Adaptive Random Forest Regressor

This class implements the Adaptive Random Forest (ARF) algorithm, which is an ensemble regressor capable of adapting to concept drift.

ARF is implemented in MOA (Massive Online Analysis) and provides several parameters for customization.

See also capymoa.classifier.AdaptiveRandomForestClassifier See capymoa.base.MOARegressor for train and predict.

Reference:

Adaptive random forests for data stream regression. Heitor Murilo Gomes, J. P. Barddal, L. E. B. Ferreira, A. Bifet. ESANN, pp. 267-272, 2018.

Example usage:

>>> from capymoa.datasets import Fried
>>> from capymoa.regressor import AdaptiveRandomForestRegressor
>>> from capymoa.evaluation import prequential_evaluation
>>> stream = Fried()
>>> schema = stream.get_schema()
>>> learner = AdaptiveRandomForestRegressor(schema)
>>> results = prequential_evaluation(stream, learner, max_instances=1000)
>>> results["cumulative"].rmse()
3.659072011685404
__init__(
schema=None,
CLI=None,
random_seed=1,
tree_learner=None,
ensemble_size=100,
max_features=0.6,
lambda_param=6.0,
drift_detection_method=None,
warning_detection_method=None,
disable_drift_detection=False,
disable_background_learner=False,
)[source]#

Construct an Adaptive Random Forest Regressor

Parameters:
  • schema – The schema of the stream. If not provided, it will be inferred from the data.

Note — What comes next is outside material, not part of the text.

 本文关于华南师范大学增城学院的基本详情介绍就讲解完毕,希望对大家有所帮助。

  • CLI – Command Line Interface (CLI) options for configuring the ARF algorithm. If not provided, default options will be used.

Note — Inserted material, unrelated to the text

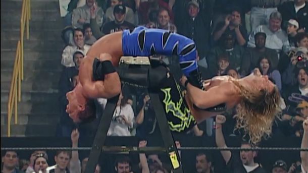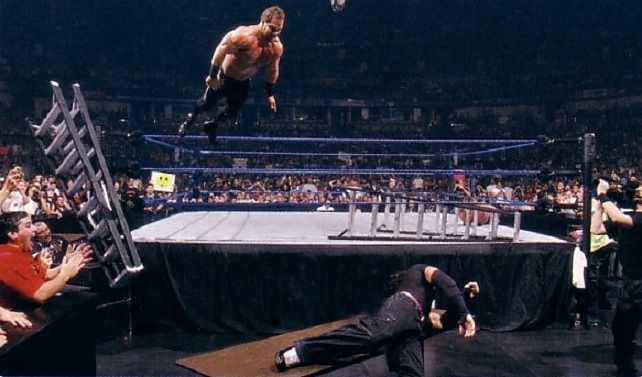 Among the many tables broken, swung chair shots and ladder high spots, perhaps the most notable moment is when Chris Benoit attempted to deliver a diving headbutt from the top rope to the outside as Matt Hardy lay on a table.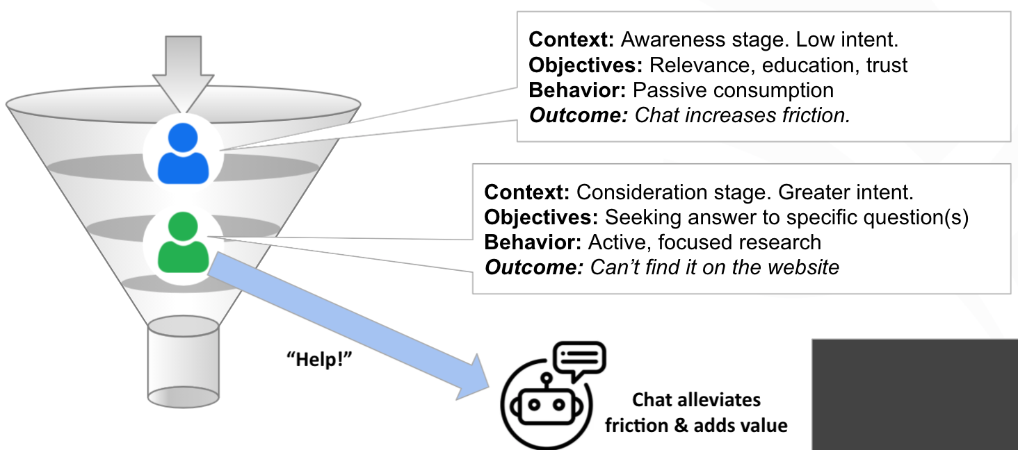 And let's contrast that with a lower-funnel visitor that is in the consideration or decision stage that has greater commercial intent. Typically, they're seeking answers to very specific questions on your site. And unlike passive consumption, they're actively trying to answer that question, and then they're doing some focused research. And if they can't find it on your site, that introduces friction. So in this case, reaching out to chat can actually add value by alleviating that friction of not being able to find the answer to the question on your site and connect them either with a bot or with a salesperson.

  • random_seed – Seed for the random number generator.

  • tree_learner – The tree learner to use. If not provided, a default Hoeffding Tree is used.

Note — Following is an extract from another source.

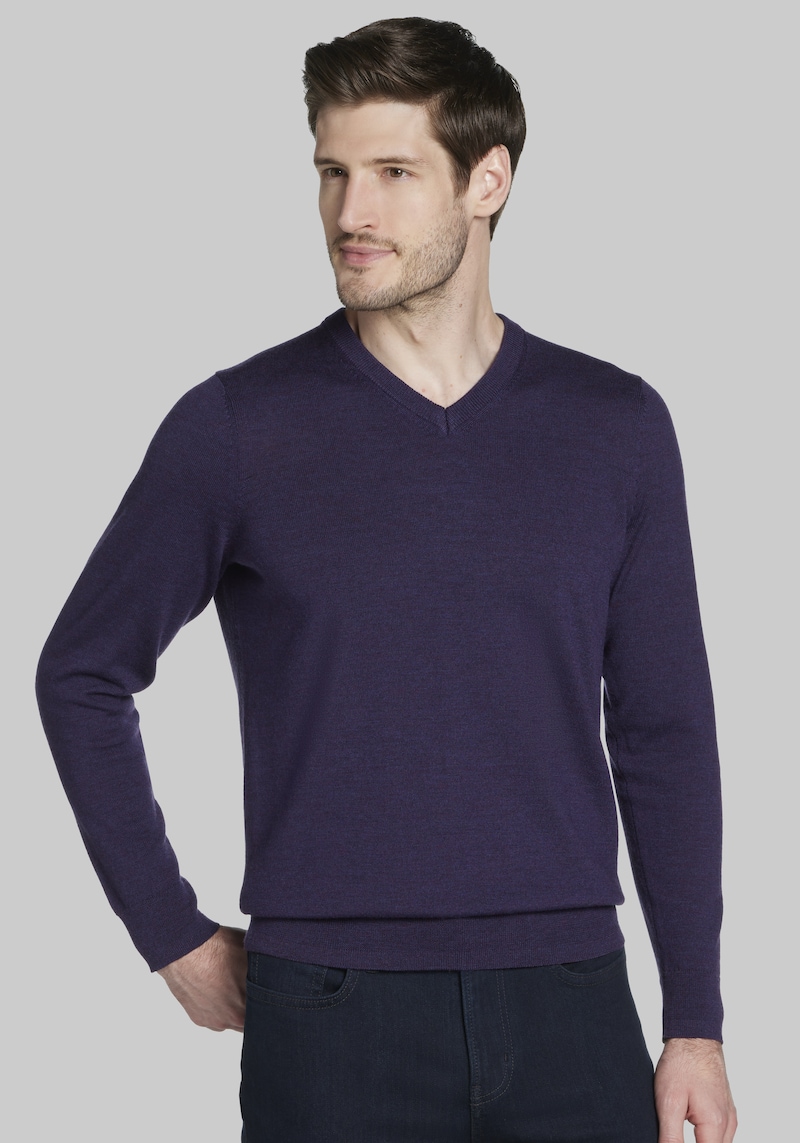 Crafted from 100 merino wool, this sweater offers unparalleled softness and a luxurious feel. Unlike traditional wool, merino wool is exceptionally fine, ensuring it wont itch. The classic V-neck adds a touch of timeless style, making it a versatile piece for layering or wearing on its own. Perfect for elevating your everyday look or enjoying cozy nights in, this sweater is an investment youll treasure for years to come. Jos. A Bank Merino Wool V - Neck Sweater - Big & Tall.

  • ensemble_size – The number of trees in the ensemble.

  • max_features – The maximum number of features to consider when splitting a node. If provided as a float between 0.0 and 1.0, it represents the percentage of features to consider. If provided as an integer, it specifies the exact number of features to consider. If provided as the string “sqrt”, it indicates that the square root of the total number of features. If not provided, the default value is 60%.

  • lambda_param – The lambda parameter that controls the Poisson distribution for the online bagging simulation.

  • drift_detection_method – The method used for drift detection.

  • warning_detection_method – The method used for warning detection.

  • disable_drift_detection – Whether to disable drift detection.

  • disable_background_learner – Whether to disable background learning.

CLI_help()[source]#
predict(instance)[source]#
train(instance)[source]#